Entrevista:O Estado inteligente

quarta-feira, julho 30, 2008

Celso Ming - Também não foi desta vez




O Estado de S. Paulo
30/7/2008

Se apontar culpados resolvesse, haveria um punhado deles.

Agora é tentar entender por que a Rodada Doha naufragou mais uma vez, depois de sete anos de vaivéns e de uma maratona de nove dias de exaustivas negociações em Genebra.

O impasse não foi ultrapassado nem sequer no primeiro estágio, ou seja, nas negociações entre as sete maiores potências comerciais: Estados Unidos, União Européia, Japão, Austrália, Brasil, China e Índia.

Vistas as coisas pelo retrovisor, verificou-se que o ministro da Agricultura, Reinhold Stephanes, acabou tendo certa dose de razão. Dia 24, em entrevista ao Estado, disse que as negociações não serviriam para nada e que o maior consumo mundial de alimentos acabará servindo mais para abrir o mercado global para os produtos agrícolas do Brasil do que a lengalenga de Doha.

No entanto, Stephanes errou em dois pontos. Errou ao apostar no fracasso e, assim, ao desautorizar o negociador brasileiro, o chanceler Celso Amorim, que apostava as fichas num desfecho favorável. E errou ao desconsiderar que, apesar de tudo, o acordo multilateral é o caminho mais rápido para a abertura dos mercados também para o produto industrial brasileiro.

Se forem fechadas as portas para um acordo multilateral, ficará inevitável a multiplicação da barafunda dos acordos bilaterais, que estreitam ainda mais o mercado para quem fica de fora.

Apesar de tudo, é prematuro proclamar o colapso definitivo.

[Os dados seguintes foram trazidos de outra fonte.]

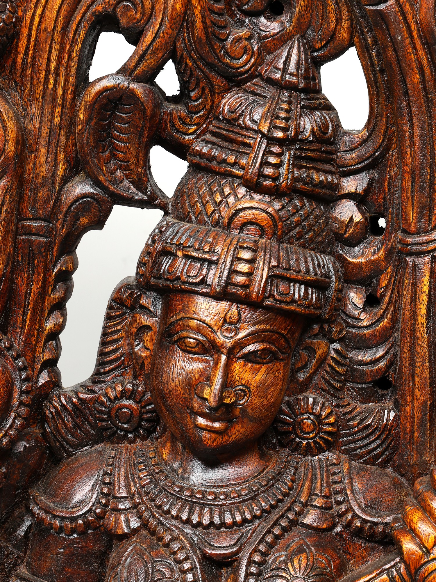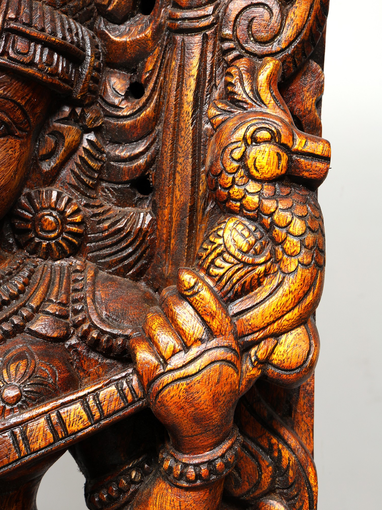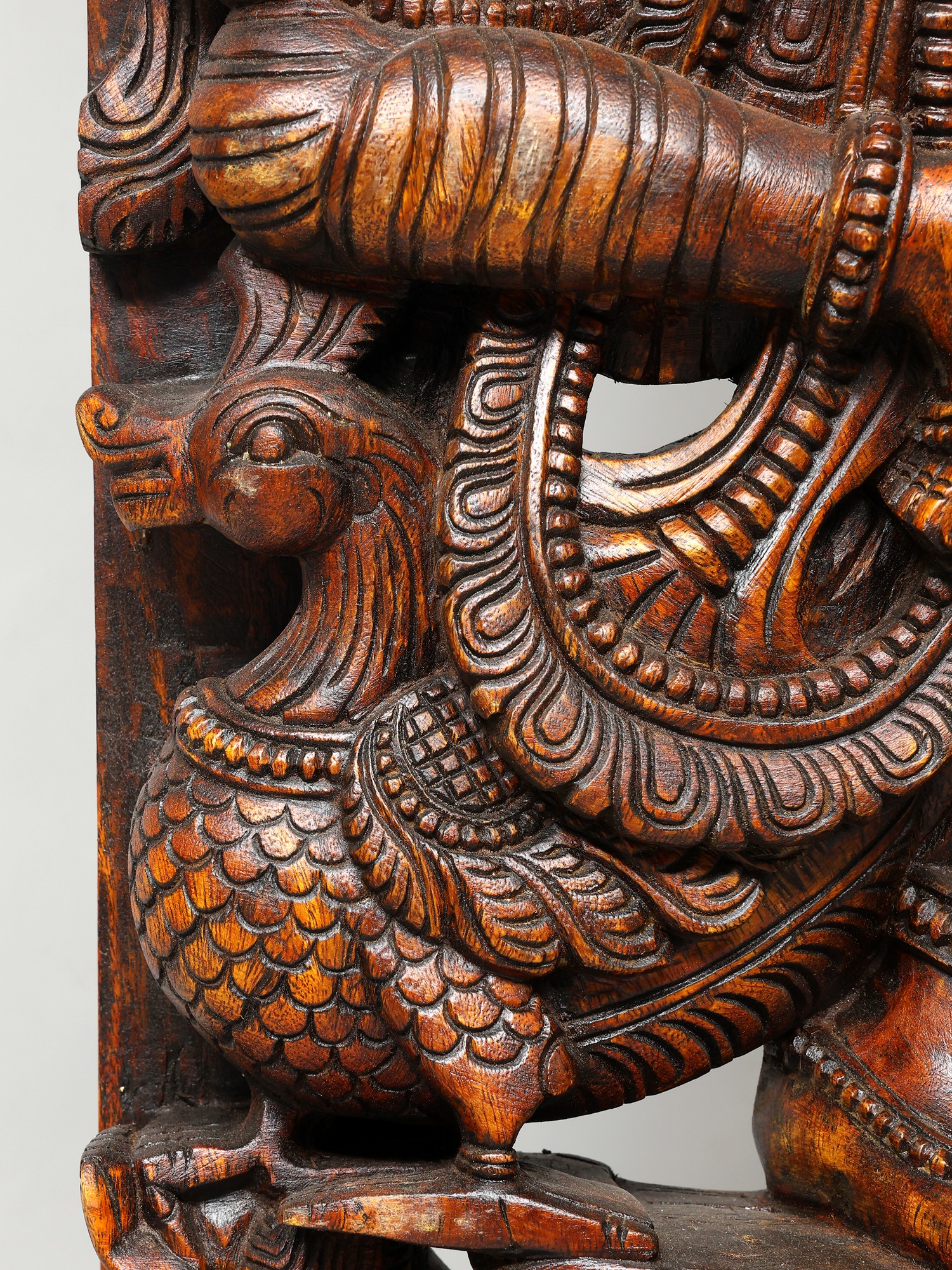 18" Pair of Goddess Lakshmi and Saraswati Kavadi Wall Panels | Wood Carving
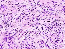 Das Ependymom ist eine Neoplasie, die sich aus Ependymzellen entwickelt, die die Hirnventrikel, den Plexus choroideus, das Filum terminale und den zentralen Kanal des Rückenmarks auskleiden. Ependymzellen sind auch im Gehirnparenchym infolge der embryonalen Migration von periventrikulären Bereichen zur Großhirnrinde vorhanden.[31][32]
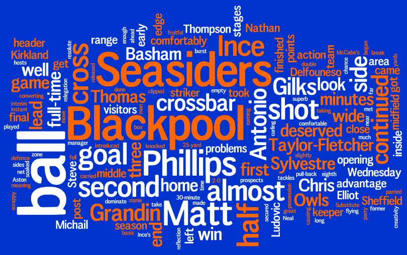 For those who are unfamiliar with how this works, the following is a word cloud based on match reports from the BBC and Blackpool’s official website, displaying words in different sizes according to their frequency. The word cloud has been created using wordle.net.
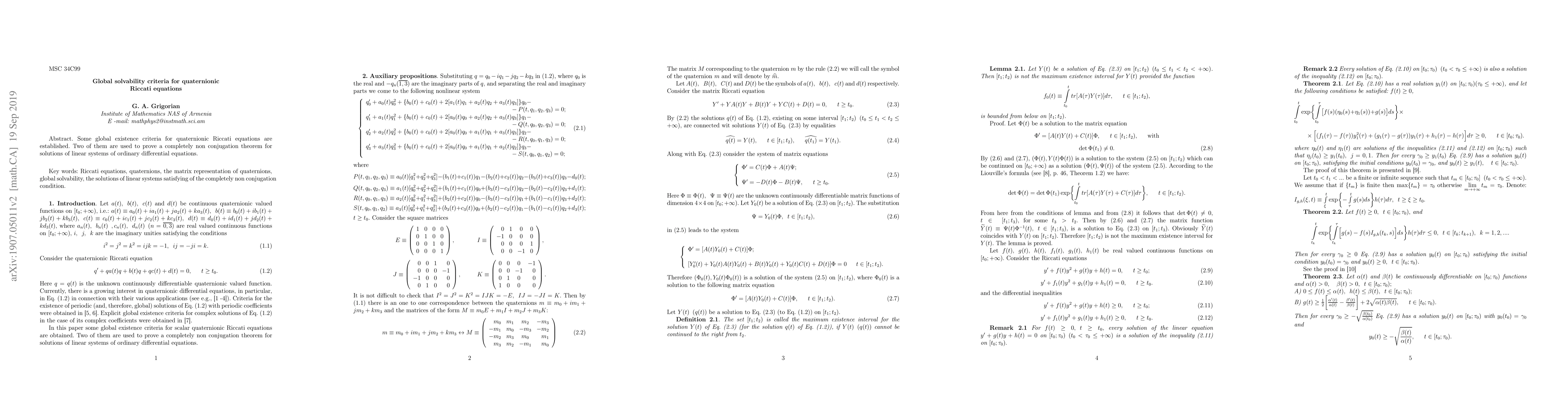 Summary: This paper establishes global existence criteria for quaternionic Riccati equations and utilizes two of these criteria to demonstrate a non-conjugation theorem for solutions of linear ordinary differential equations.
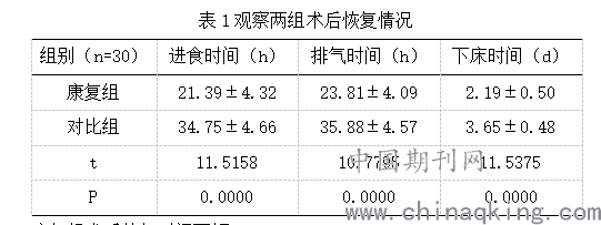 抽取2019年5月-2020年5月我院60例普外科手术患者,掷硬币后分组,康复组:有患者30例,男性17例,女性13例,年龄最小为22岁,年龄最大为65岁,平均年龄为(42.15±5.03)岁。对比组:有患者30例,男性16例,女性14例,年龄最小为21岁,年龄最大为66岁,平均年龄为(43.78±5.29)岁。两组差异不明显(P>0.05)。
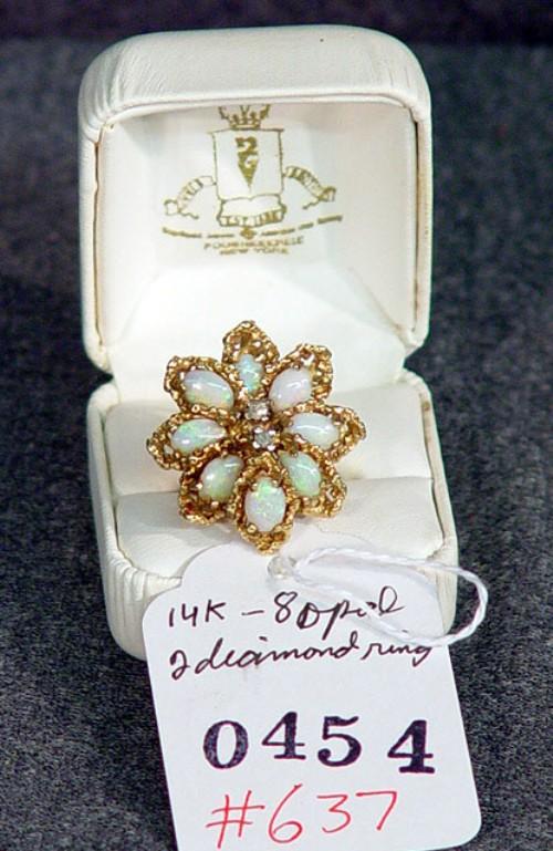14K 8-OPAL AND 2-DIAMOND COCKTAIL RING
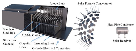 - Korenko, M.; Larson, C.; Blood, K. Technical and Economic Evaluation of a Solar Thermal MgO Electrolysis Process for Magnesium Production. Energy 2017, 135, 182–194. [Google Scholar] [CrossRef]
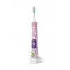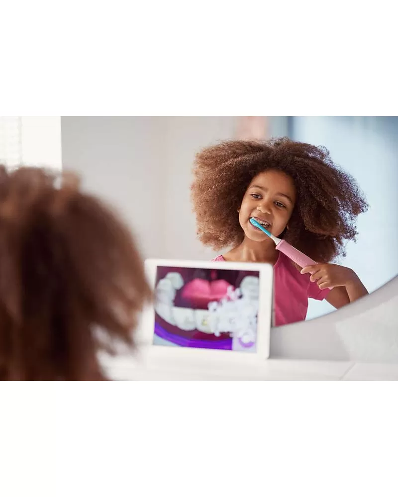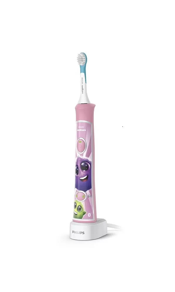 •Technologie Bluetooth® •Interaktivní aplikace •2 kartáčkové hlavice a 10 nálepek •2 režimy Interaktivní sonický výkon. Větší zábava a lepší čištění Naučte své děti zdravým návykům pro celý život! Udržte zájem dětí během čištění zubů. Technologie Bluetooth® propojuje sonický kartáček Philips Sonicare For Kids se zábavnou aplikací v telefonu nebo tabletu a motivuje děti k samostatnému, lepšímu a delšímu čištění. Děti se tak baví a získávají zdravé návyky, které jim vydrží po celý život. Interaktivní zábava a technologie Philips Sonicare •Díky interaktivní aplikaci se děti nadchnou pro čištění •98 % dotázaných rodičů potvrdilo, že je jednodušší přimět děti čistit si zuby déle a lépe* •Senzační odměny za úspěšné čištění •Sledujte dobu čištění, i když aplikaci nepoužíváte Navrženo pro získání celoživotních zdravých návyků •Funkce KidTimer a KidPacer pro správné čištění po celý život •Výměnné samolepky pro vylepšení kartáčku •Design s možností více uchopení pro rodiče i děti Efektivní a šetrné čistění pro rostoucí dětské úsměvy •Dynamický čistící účinek způsobuje proudění tekutiny do mezizubních prostor •Pogumovaná kartáčková hlavice pro ochranu mladého chrupu •K dispozici 2 velikosti kartáčkových hlavic •Upřednostňováno zubními lékaři, kteří je doporučují vlastním dětem •2 dětské režimy pro šetrné a efektivní čištění Sonická technologie Zatímco se děti učí čistit zuby, naše sonická technologie se postará o všechno ostatní. Jedinečné dynamické působení sonického zubního kartáčku Philips Sonicare zajistí šetrné a efektivní čištění hluboko mezi zuby a podél linie dásní. Díky více než 500 stěrům za vteřinu pomáhá síla sonického čištění kompenzovat rozvoj techniky čištění, jak se děti postupně zdokonalují. S touto technologií je sonický kartáček Philips Sonicare For Kids až o 75 % účinnější než manuální zubní kartáčky. Návštěvy zubaře se obejdou bez větších problémů. Připojení prostřednictvím Bluetooth U sonického zubního kartáčku Philips Sonicare For Kids s technologií Bluetooth sleduje funkce Quadpacer v aplikaci čištění zubů v reálném čase. Rozpozná, kdy čištění zubů začne, kdy se přeruší a kdy skončí. A díky integrované paměti a časové známce na těle kartáčku můžete dokonce ukládat podrobnosti až pro 20 čištění, kdy aplikaci nepoužíváte. Při dalším společném použití aplikace a těla kartáčku se údaje o těchto čištěních synchronizují s kalendářem aplikace. Odměny za úspěšné čistění si lze stále vybrat a vaše dítě snadno uvidí, jaké udělalo pokroky. KidTimer + KidPacer Pokud chcete vybudovat správné návyky v čištění zubů, sonický zubní kartáček Philips Sonicare For Kids s technologií Bluetooth se spojí s aplikací a pomáhá dětem postupně prodlužovat dobu čištění. Cílem je dosáhnout doby dvou minut, kterou doporučují zubaři. Při používání aplikace děti napodobují výukového rádce v aplikaci, který si důkladně čistí jednotlivé části úst. Výkový rádce bude dítě motivovat k prodloužení doby, kterou stráví čištěním každého kvadrantu. S tím, jak si dítě čistí zuby delší dobu, získává odměny od Sparklyho, který má rád zuby opravdu čisté. Učit se správně čistit zuby na celý život tak bude velká zábava.
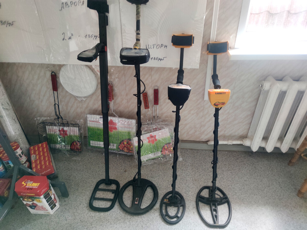 Приветствую вас мои подписчики и случайные гости моего канала. После переезда в провинциальный город, я устроился на подработку в местный строительный #магазин , который расположен от моей деревне не так далеко. Я просто на данный момент живу в своей деревне, пока в квартире идёт ремонт и вынужден подрабатывать где-то поблизости. Как многие из вас знают, я занимаюсь поиском с металлоискателем и за все мои годы поиска, у меня накопилось немного металлоискателей. В наших краях, каждый второй занимается поиском металлолома. Но не у каждого есть возможность купить себе хоть не дорогой металлоискатель. И тут мне на ум пришла идея, а что если не сдавать все мои металлоискатели в аренду? Тем более площадь в магазине позволяет. И так, вот они. Это 4 легендарные металлоискателя, которые пользуются популярностью в копательских кругах. Сейчас лето, а лето это не сезон для кладоискательства и поэтому спрос маленький, но все кто видят их, говорят что придут за ними обязательно. Недавно произошла
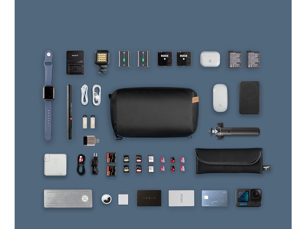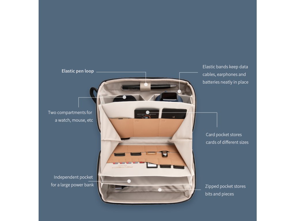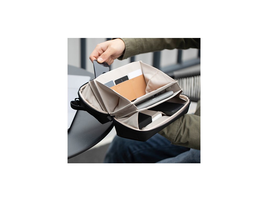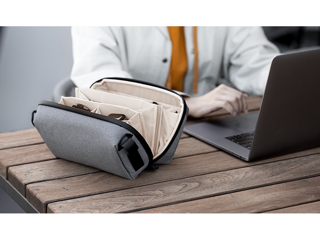 - Tech Organizer má pripevňovacie body, vďaka čomu môže slúžiť ako taška na plece pri použití s popruhom.
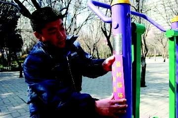 董志强是十名管理维护人员之一,它主要负责东苑公园片区。董志强介绍说,滚筒钢条缺失这明显是人为原因造成的,设备都是刚刚安装的,不可能自己就断掉;螺丝的丢失也是一些人偷着卸下来拿回去用了,在他的印象中已经丢失了六颗螺丝了;而像一些转盘之类的器材,年轻人往往不按正常规则操作,用猛力旋转,如此则很容易造成轴承的脱落或损坏;更有一些小青年甚至会爬到器材上荡秋千,容易引起立桩的松动或扭曲。
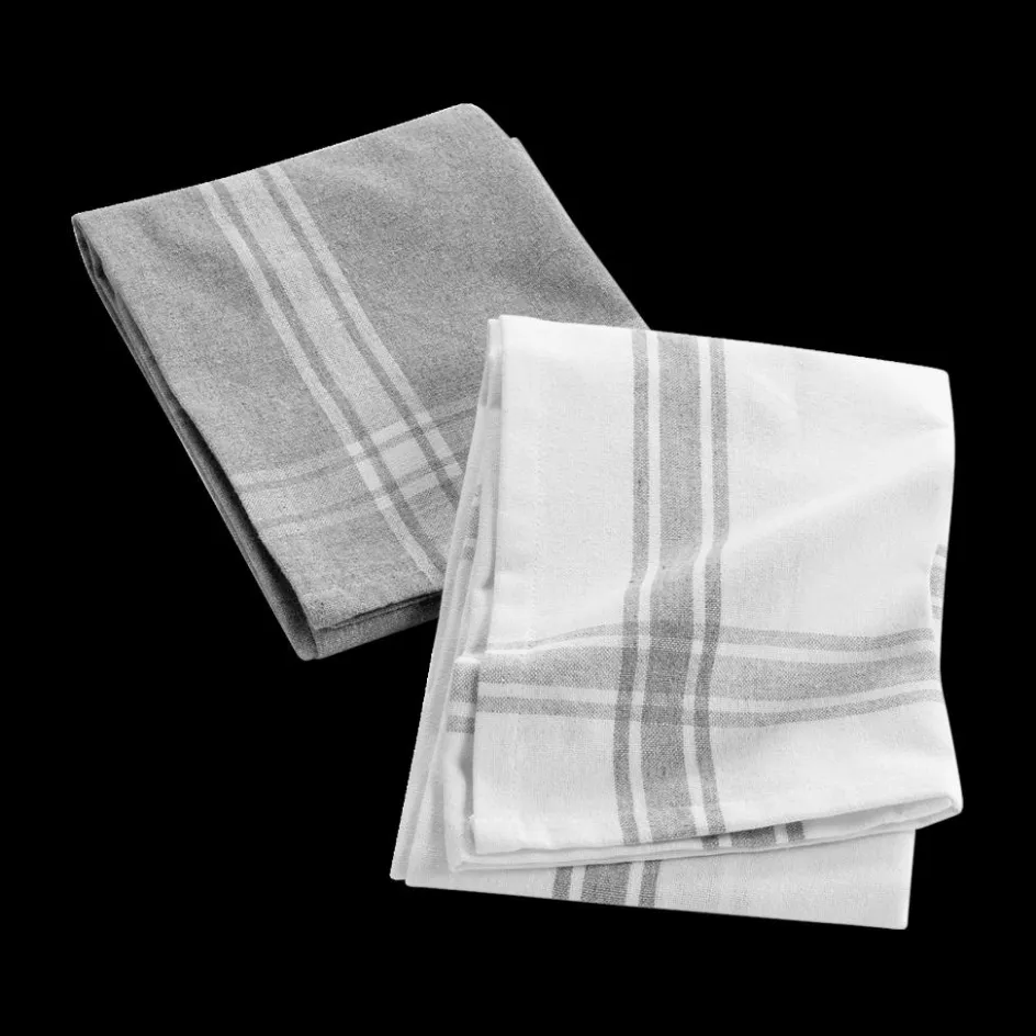 Keukenlinnen|Ygo S/2 Keukenhanddoek TORCHA Katoen Wit/Grijs

A Rodada ainda não foi totalmente encerrada e as discussões sempre poderão ser reabertas tão logo se criem novas condições políticas. Situações assim, em geral, só melhoram depois que piorarem ainda mais. E podem piorar.

O mundo está mais protecionista e esta é a principal razão pela qual ficou tudo emperrado. Os dois principais candidatos à presidência dos Estados Unidos estão comprometidos com os grandes interesses agrícolas e os dirigentes europeus, especialmente os da França, não dizem outra coisa. China e Índia, por sua vez, ainda não sentem que têm autonomia de vôo e jogaram pesado em mais proteção comercial.

Como todos procuravam um acordo, com a interrupção das negociações perderam todos. O mundo enfrenta séria crise financeira de desfecho imprevisível. Como venceu o lado do cada um por si, as incertezas aumentaram e parece mais difícil uma ação coordenada capaz de pavimentar a saída desse atoleiro.

Do ponto de vista estritamente comercial, é difícil saber quem vai perder mais. O dólar ganhou muito com o processo de globalização, cuja peça fundamental é a liberação do comércio, e isso parece apontar para o maior perdedor. A falta de maior acesso dos produtos industrializados aos mercados emergentes também tende a estreitar a perspectiva comercial dos países ricos.

A indústria brasileira enfrentará o estreitamento protecionista do mercado externo. É possível que Stephanes tenha um pedaço de razão quando prevê o crescimento da demanda para os produtos agrícolas nacionais. Mas essa posição pode ter deixado de levar em conta que os maiores mercados emergentes (China e Índia) também prenunciaram aumento da proteção a seu próprio produto agrícola.

É juntar os cacos e esperar para ver.


Entenda

Quebrar a retranca - Essas negociações são necessárias porque os 153 países membros da Organização Mundial do Comércio querem abertura dos mercados para seu produto e fechamento (proteção) do próprio mercado para o dos outros.

A atual Rodada leva o nome da capital do Catar, Doha, onde tudo começou. Se tivesse sucesso, os ganhos em faturamento no comércio não chegariam a US$ 100 bilhões anuais, menos de 0,1% do comércio mundial e metade das exportações brasileiras em um ano.

Parece pouco, mas seria um bom começo. Abriria as portas para concessões futuras.